Electronic Origin of Density Wave Orders in a Trilayer Nickelate

TL;DR

This study investigates the electronic structure of trilayer Ruddlesden-Popper nickelate La$_4$Ni$_3$O$_{10}$, revealing the origin of magnetic order and its implications for high-temperature superconductivity.

Contribution

First experimental evidence of band splitting due to interlayer coupling and identification of Fermi surface nesting as the origin of magnetic order in La$_4$Ni$_3$O$_{10}.

Findings

Band splitting induced by interlayer coupling

Momentum-dependent density wave gap structures

Mirror-selective Fermi surface nesting causes antiferromagnetic order

Abstract

The discovery of superconductivity in Ruddlesden-Popper nickelates has established a new frontier in the study of high-temperature superconductors. However, the underlying pairing mechanism and its relationship to the material's electronic and magnetic ground states remain elusive. Since unconventional superconductivity often emerges from a complex interplay of magnetic correlations, elucidating the magnetic ground state of the nickelates at ambient pressure is crucial for understanding the emergence of superconductivity under high pressure.
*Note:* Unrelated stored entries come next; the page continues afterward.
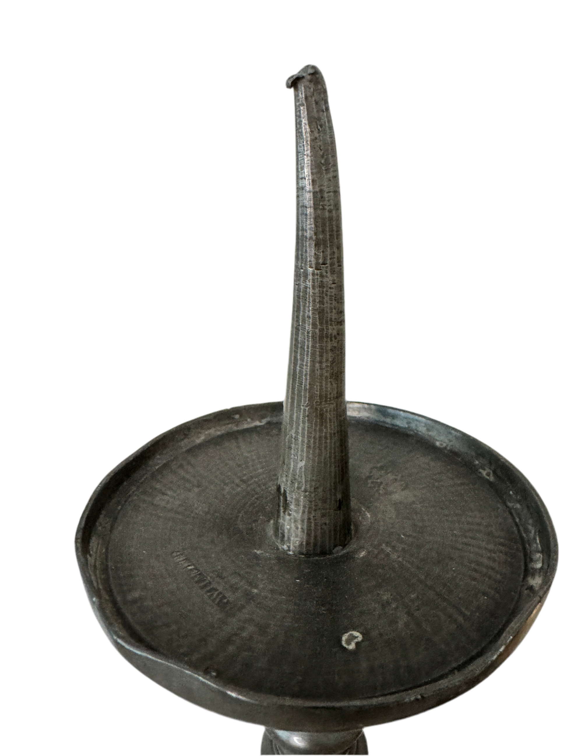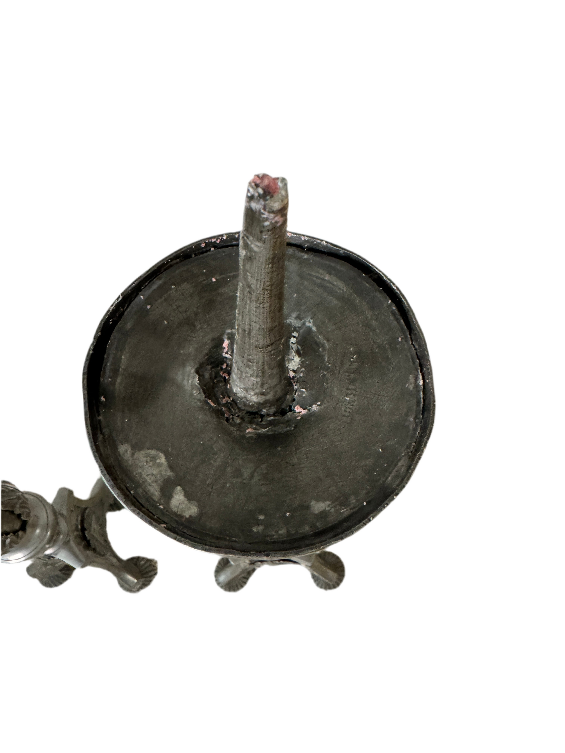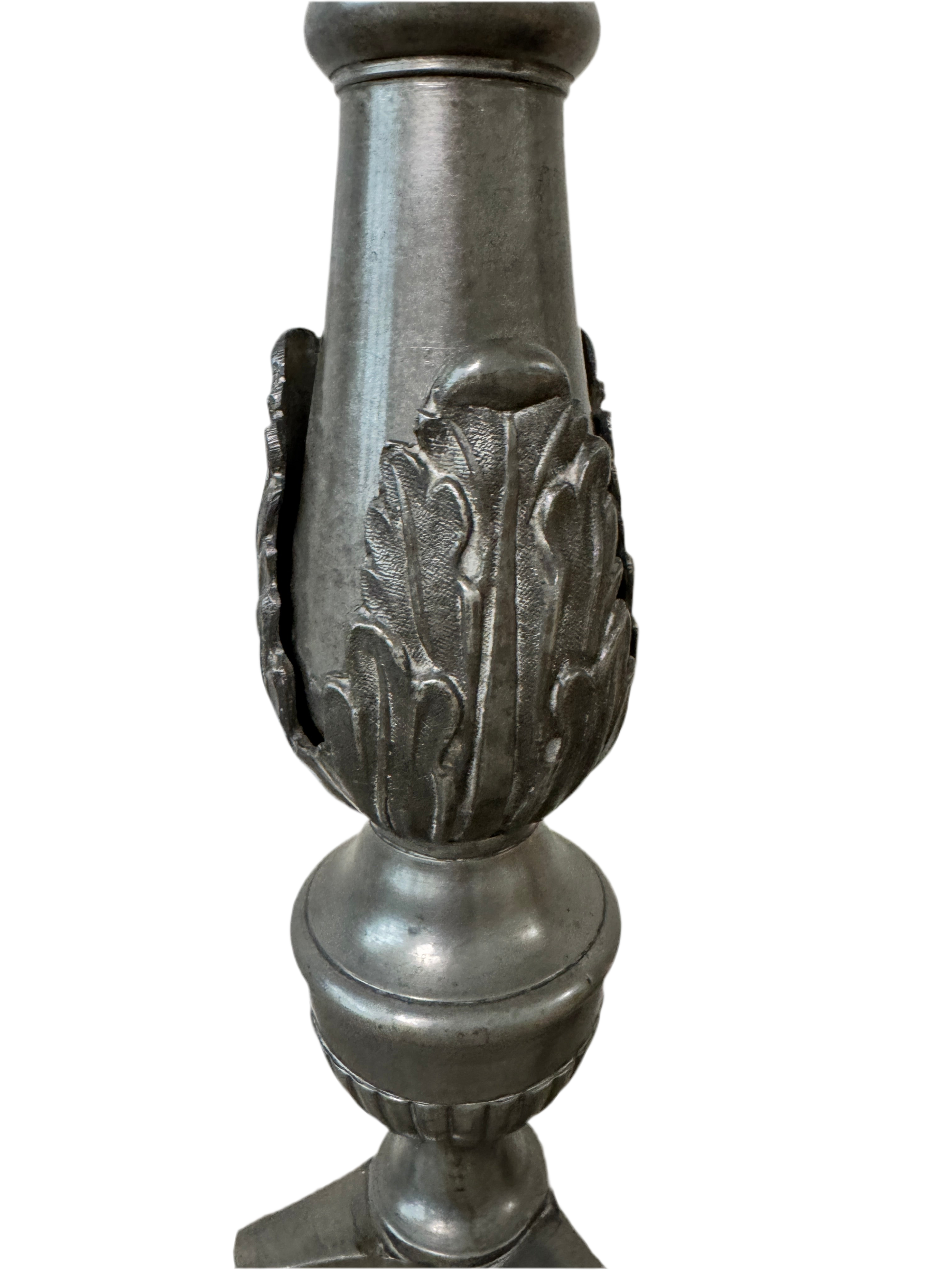 This striking pair of tall pewter-tone candlesticks brings dramatic presence and old-world character to any setting. Standing an impressive 26 inches high with a 6-inch wide base, each candlestick weighs over 4 pounds, making them substantial statement pieces.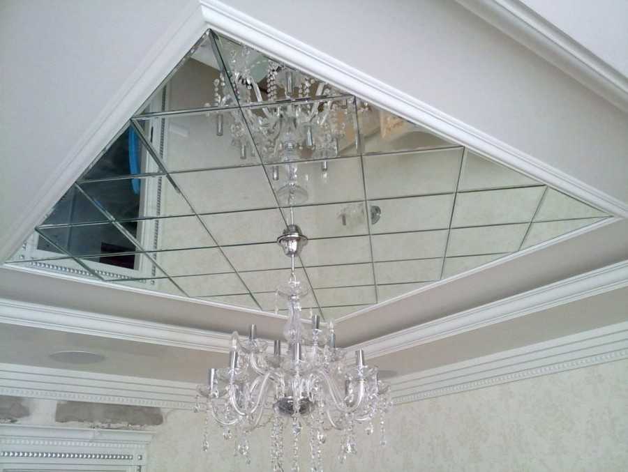 Совет! Для слишком большого помещения декор потолка с помощью зеркальной плитки не рекомендован, поскольку может создать эффект пустоты, холодности.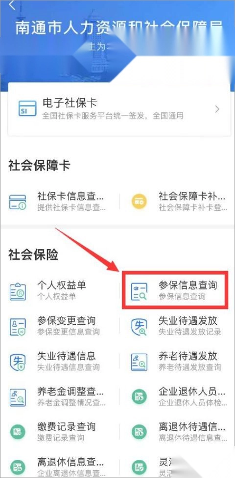 1、进入 “社保查询” 页面,点击 “参保信息查询” 进入。
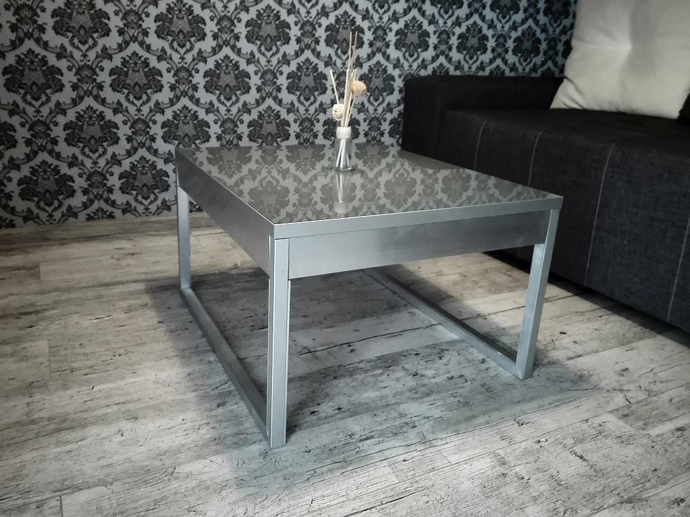 Wykonany w większości z surowego oraz anodowanego aluminium. Sam blat jest natomiast szklany.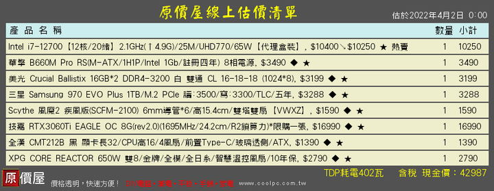 lio75853@gmail.com wrote:天堂m菜單想問天堂m(恕刪) 拿 5800x 不如拿 12700, 散熱用空冷就夠了8c16t 那個記憶體應該用不完你如果想用套組的話, amd 要也是直接拚 5950x47k 小爆不含 os, i7-12700, 64g, 3060tiSSD 上 p5 plus 1t, 散熱用空冷雙塔, 機殼看個人喜好43k 不含 os, i7-12700, 32g, 3060ti49k 不含 os, r9 5950x, 32g, 3060ti

Here, we combine high-resolution angle-resolved photoemission spectroscopy with tight-binding model simulation to investigate the electronic structure of the representative trilayer Ruddlesden-Popper nickelate La$_4$Ni$_3$O$_{10}$. We provide the first experimental evidence of band splitting induced by interlayer coupling and further resolve the momentum-dependent density wave gap structures along all the Fermi surfaces. Our findings identify the mirror-selective Fermi surface nesting as the origin of the interlayer antiferromagnetic spin density wave and demonstrate the dominant role of Ni-3d$_{z^2}$ orbitals in the low-energy physics of La$_4$Ni$_3$O$_{10}$. These results provide a fundamental framework for understanding the magnetic interactions and high-temperature superconductivity mechanism in the Ruddlesden-Popper nickelate family.